# Complete Noob



## ajavanzado (Dec 12, 2015)

I'd definitely go smaller, maybe like 155-158. (Possibly even smaller if you're a beginner)
Longer boards are a little more difficult to swing around and turn, but hey, if you can turn fine AND it was free, I say rip it bruh.


----------



## alvaromaestre (Jan 10, 2017)

ajavanzado said:


> I'd definitely go smaller, maybe like 155-158. (Possibly even smaller if you're a beginner)
> Longer boards are a little more difficult to swing around and turn, but hey, if you can turn fine AND it was free, I say rip it bruh.

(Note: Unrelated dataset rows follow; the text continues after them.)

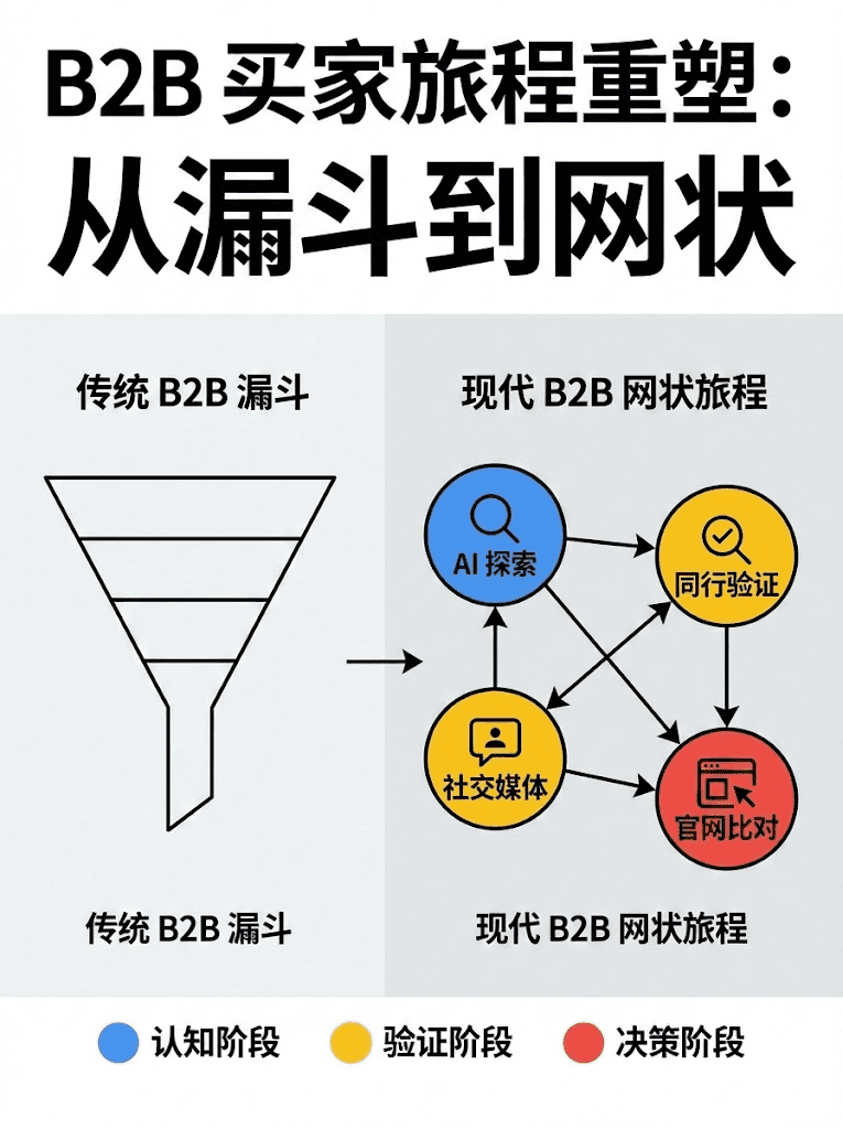 很多 B2B 独立站最大的误区是:拿着 B2C 的漏斗思维做 B2B。最新的行业数据显示,B2B 买家旅程已经从线性的“漏斗”变成了复杂的“Discovery → Validation → Alignment”网状结构。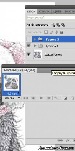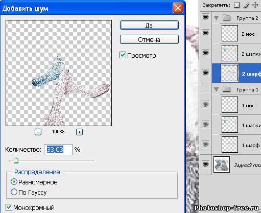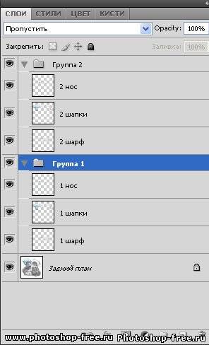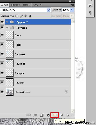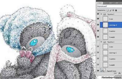 3.Руки Шаг 2. Берем инструмент Лассо и выделяем нос. P.S после выделения первого носика нажимаем и удерживаем shift и выделяем второй носик. ![]() Шаг 3. В панели слоев нажимаем ctrl + j дублируется наше выделение. Назовем его 1 нос ![]() Шаг 4. В панели слоев нажимаем ctrl + j на слое 1 нос. У нас продублирует наш носик. Назовем слой 2 нос. ![]() Шаг 5. Теперь тоже самое проделываем с шапками и шарфом. У меня отдельно слои с шапкой и слои с шарфом. Выделяем ![]() Делаем копию ( дубликат ) от первого слоя. И дублируем наши шапки и шарфы. Сейчас положение слоев у меня вот такое. ![]() Шаг 6. Создаем 2 группы. Перекидываем слои с единичкой а группу 1, с двойкой в группу 2 ![]() ![]() Шаг 7. Убираем глазик с группы 2. Добавляем к нашему шарфу шума. Фильтр - Шум - Добавить шум. ![]() Шаг 8. Убираем глазик с группы 1 и включаем видимость у группы 2. Добавляем шум к 2 слою с шарфом.Фильтр - Шум - Добавить шум. Увеличиваем на немного шума. ![]() Шаг 9. То же самое повторяем со слоем нос 1 и нос 2. ![]() Шаг 10. Теперь работаем только со слоями шапки. Так же добавляем шума на оба слоя, но со значением меньше 20. У меня стоит 14 для первого слоя с шапкой и для второго 19 . CTRL клик на слой с шапкой 1. Выделилась наша шапочка.Создаем новый слой. И заливаем наш новый слой 1 узором . Для слоя со 2 шапкой используем узор 2.![]() ![]() ![]() ![]() Шаг 11. Приступаем к анимации. Открываем панель анимации. Окно - анимация. Ставим время отображения кадров 0,2. Вы можете поставить любое другое время. Ели хотите что бы двигалось быстрее ставим 0,1 ,если медленнее 0,5. В панели слоев делаем невидемую 2 группу. ![]() Шаг 12. В панели анимации создаем новый кадр. И включаем 2 группу. ![]() Шаг 13. Вот и все. Осталось сохранить. Фаил - сохранить как web. ![]() Скачать psd + глиттеры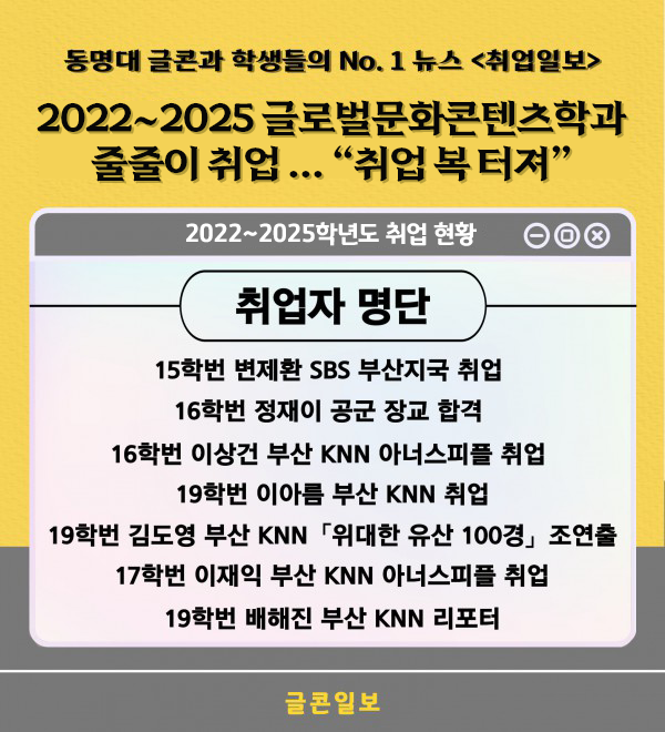 글로벌문화콘텐츠학과의 새로운 소식을 전합니다.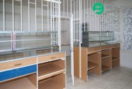 Prostor je vybaven pulty s vitrínami, který je oddělen od zákazníků mřížemi. Dále je zde k dispozici trezor o váze 480 kg. a tři volně stojící regály.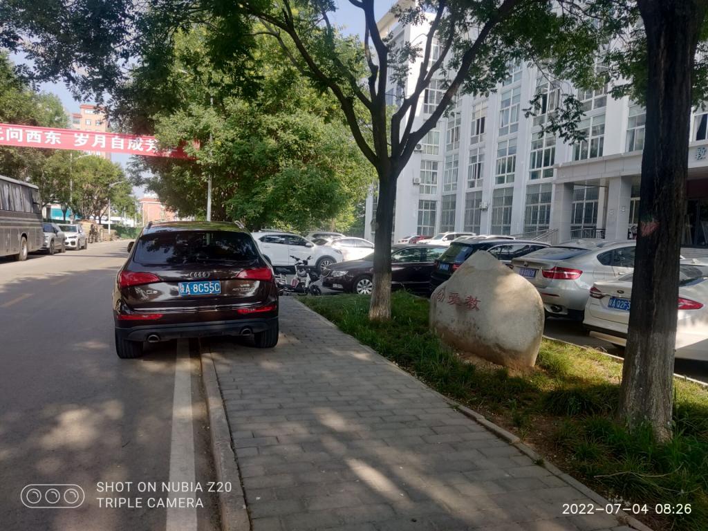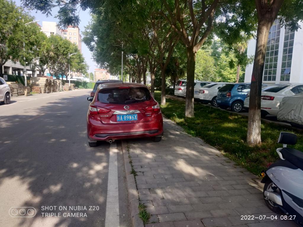 在长安校区崇德路西侧违规停车,占用人行道,阻碍车辆通行和行人安全
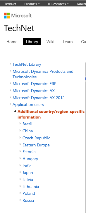 This country/region-specific content can be found in our table of contents at the following location: TechNet library > Microsoft Dynamics Products and Technologies > Microsoft Dynamics ERP > Microsoft Dynamics AX > Microsoft Dynamics AX 2012 > Application users > Additional country/region-specific information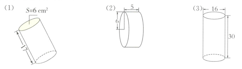 4.(1)$6\times17 = 102(cm^{3})$ (2)$3.14\times6^{2}\times5 = 565.2(cm^{3})$ (3)$3.14\times(\frac{16}{2})^{2}\times30 = 6028.8(cm^{3})$

Yeah men , I can ride it pretty good , but I still think I can do better ! What are the disadvantages of having such a big one? Am I missing some fun?


----------



## KIRKRIDER (Mar 18, 2008)

A longer board just requires more commitment to turn, but it will float in powder and carve well. Maybe avoid tight trees ;-)


----------



## alvaromaestre (Jan 10, 2017)

KIRKRIDER said:


> A longer board just requires more commitment to turn, but it will float in powder and carve well. Maybe avoid tight trees ;-)


Thanks for the reply bro, question, when you say more commitment for the turn , what do you imply? Should I do something more pronounced? Any tip is really welcome ,Im a lone rider.


----------



## poutanen (Dec 22, 2011)

Yeah that's a big board for you, especially to start out on. Wonder if someone with a smaller board would be willing to trade you, rather than losing a bunch of money on it?

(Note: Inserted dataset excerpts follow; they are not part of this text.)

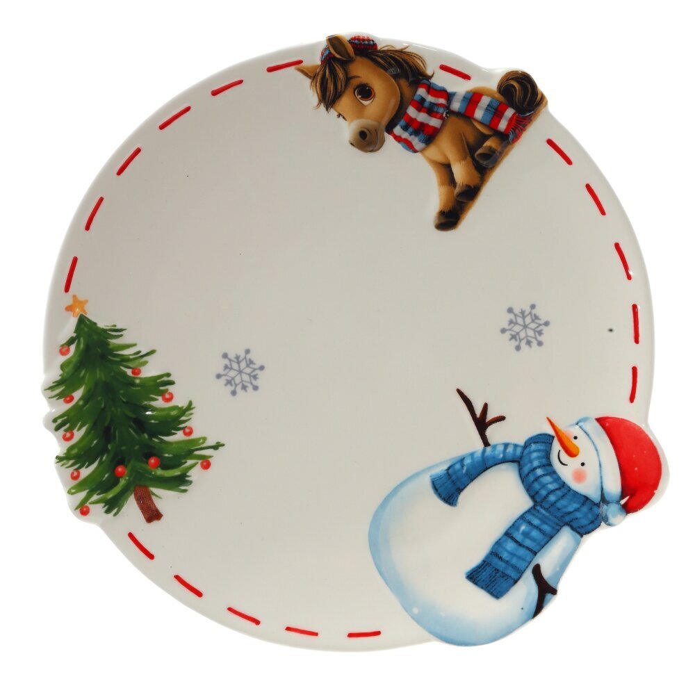 Праздничная новогодняя тарелка — стильный и эффектный элемент сервировки, созданный для особых моментов. Декорированная яркими новогодними элементами, такими как нарядная ёлочка и символ 2026 года — лошадка, она наполняет атмосферу стола теплом, уютом и праздничным настроением. Изготовленная из качественного материала, тарелка сочетает в себе практичность и декоративную ценность. Идеально подойдёт для подачи угощений, сладостей или как самостоятельный элемент декора. Упакована в красивую подарочную коробку, что делает её готовым решением для презента родным, друзьям или коллегам. Отличный выбор для тех, кто ценит стиль и символику в каждом элементе праздника.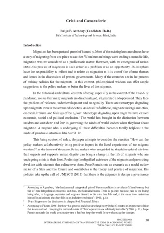 Baiju, P. Anthony (2022) Crisis and camaraderie. In: Proceedingsof the International Symposium on Transformative Ideas in a Changing World the Global Solidarity Crisis, 22-23 April 2022, Surabaya.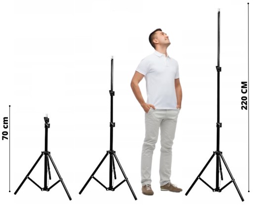 ✅ Wysokość statywu można regulować od 70 cm, aż do 220 cm.

Can you ride it? Sure! But you're more likely to progress faster on a more appropriate sized board... And I'm the guy on this forum usually telling people to try something bigger. :embarrased1:


----------



## alvaromaestre (Jan 10, 2017)

poutanen said:


> Yeah that's a big board for you, especially to start out on. Wonder if someone with a smaller board would be willing to trade you, rather than losing a bunch of money on it?
> 
> Can you ride it? Sure! But you're more likely to progress faster on a more appropriate sized board... And I'm the guy on this forum usually telling people to try something bigger. :embarrased1:


Thanks for the reply! Yeah thats my fear, to be stuck in the learning curve, or to get used to a long board and when I try a smaller one , I wont be able to ride it.


----------



## poutanen (Dec 22, 2011)

alvaromaestre said:


> Thanks for the reply! Yeah thats my fear, to be stuck in the learning curve, or to get used to a long board and when I try a smaller one , I wont be able to ride it.

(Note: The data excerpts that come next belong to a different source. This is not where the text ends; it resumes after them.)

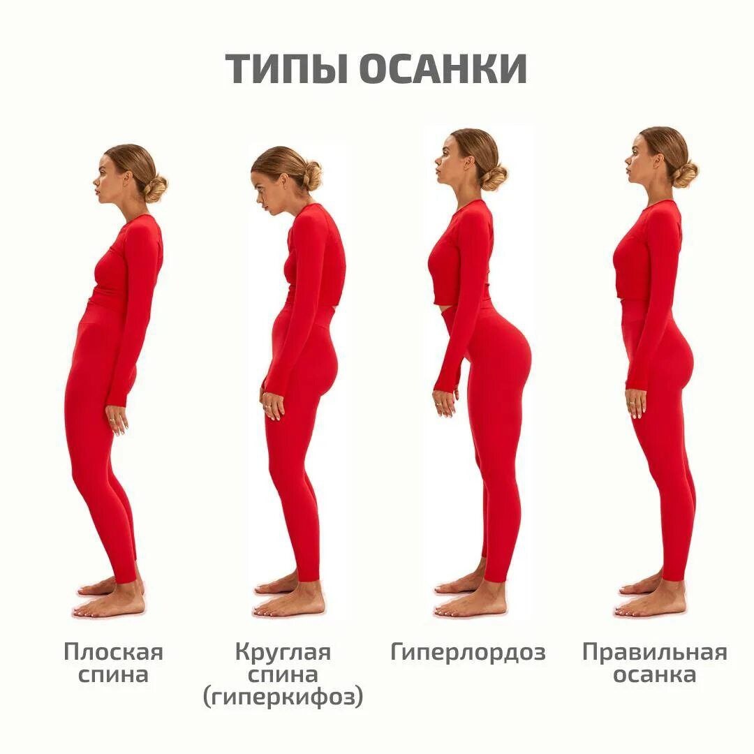 ? Правильная осанка - это ось позвоночника с естественными изгибами, вокруг которой расположены части тела, равномерно с каждой стороны: лопатки, руки, тазовые половинки, бедренные кости и ТД.. При этом ось венчает голова, под которой грудная клетка, таз, ноги и стопы. В пилатесе мы стремимся к нейтрали. Это удобное, в данный момент, положение позвоночника, частей тела, создающее комфорт и поддержку. Почему мы стремимся к нейтрали? А не изо всех сил впихиваем себя в идеальную осанку. Для многих людей идеально = напряжение. Вспомните новые джинсы - идеально держат, но туго. Когда джинсы разносятся, будет комфортно. Так и мы стремимся к нейтрали, но в каждом случае ➡️ эта нейтраль будет своя⤵️ И каждый раз, улучшая через движение тело, мы влияем и на нейтраль. Она становится более удобной. И только тогда можно говорить об идеальной осанке. 😉Помните, каждый человек уникален. Картинки - лишь показатель привычки. Которую мы меняем постепенно. 😉Осанка как любимые джинсы становится, чу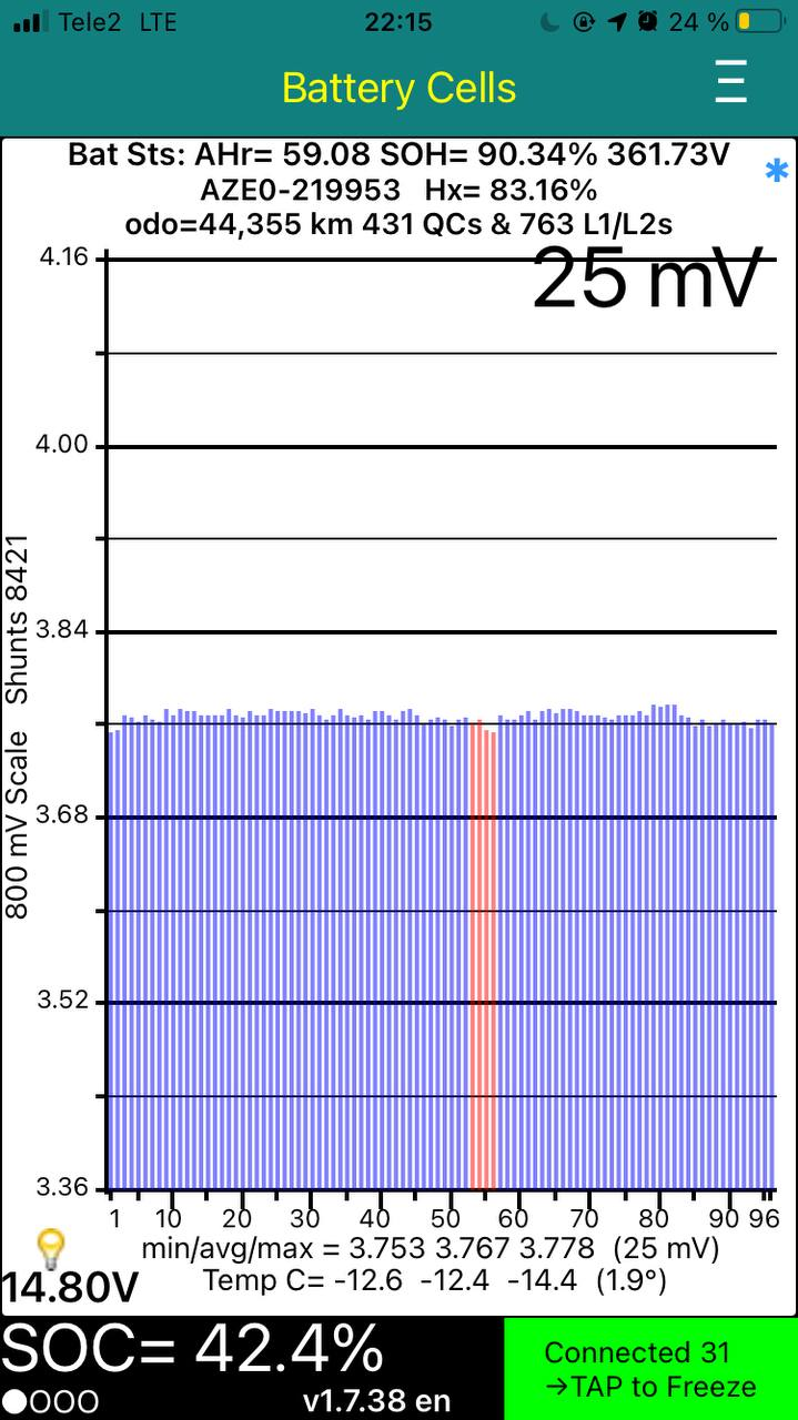 Теперь про наблюдения за температурой батареи. Приехал после работы, поставил на зарядку, подложил мешки, а ночью, что-то около -28. С утра выхожу и вижу вот: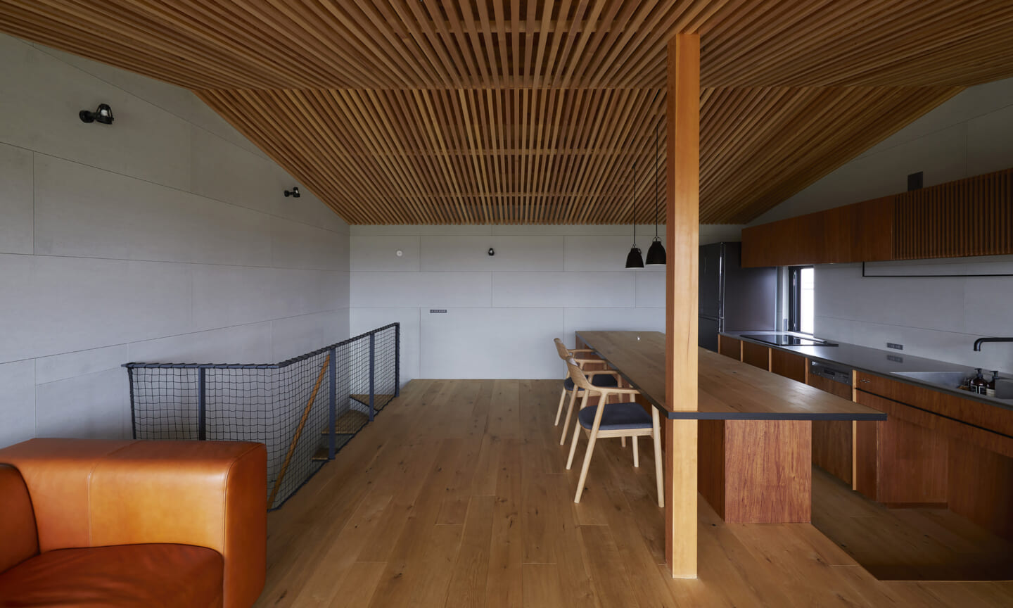 家の中の屋根=斜面は、機能が固定されていない場所となり、生活と風景が連続したシーンをつくり、住まいに自由を与える余白となっている。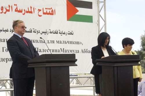 Г-жа В. Бабун напомнила о высокой роли знаний и образования в деле государственного строительства и формирования человека как личности. Она назвала строительство школы новым звеном в цепи уникальных отношений, которые связывают Палестину и Россию. Отдельные слова благодарности она высказала в адрес "неизвестных солдат", т.е. тех людей, которые вложили много своих сил в проект, но имена их остаются не известными широкой общественности.

It's like learning to drive a crew cab long box pickup for your first car. Yes it's possible, and you may be a better driver for it in the long run, but damn I wouldn't want to do it!


----------



## KIRKRIDER (Mar 18, 2008)

alvaromaestre said:


> Thanks for the reply bro, question, when you say more commitment for the turn , what do you imply? Should I do something more pronounced? Any tip is really welcome ,Im a lone rider.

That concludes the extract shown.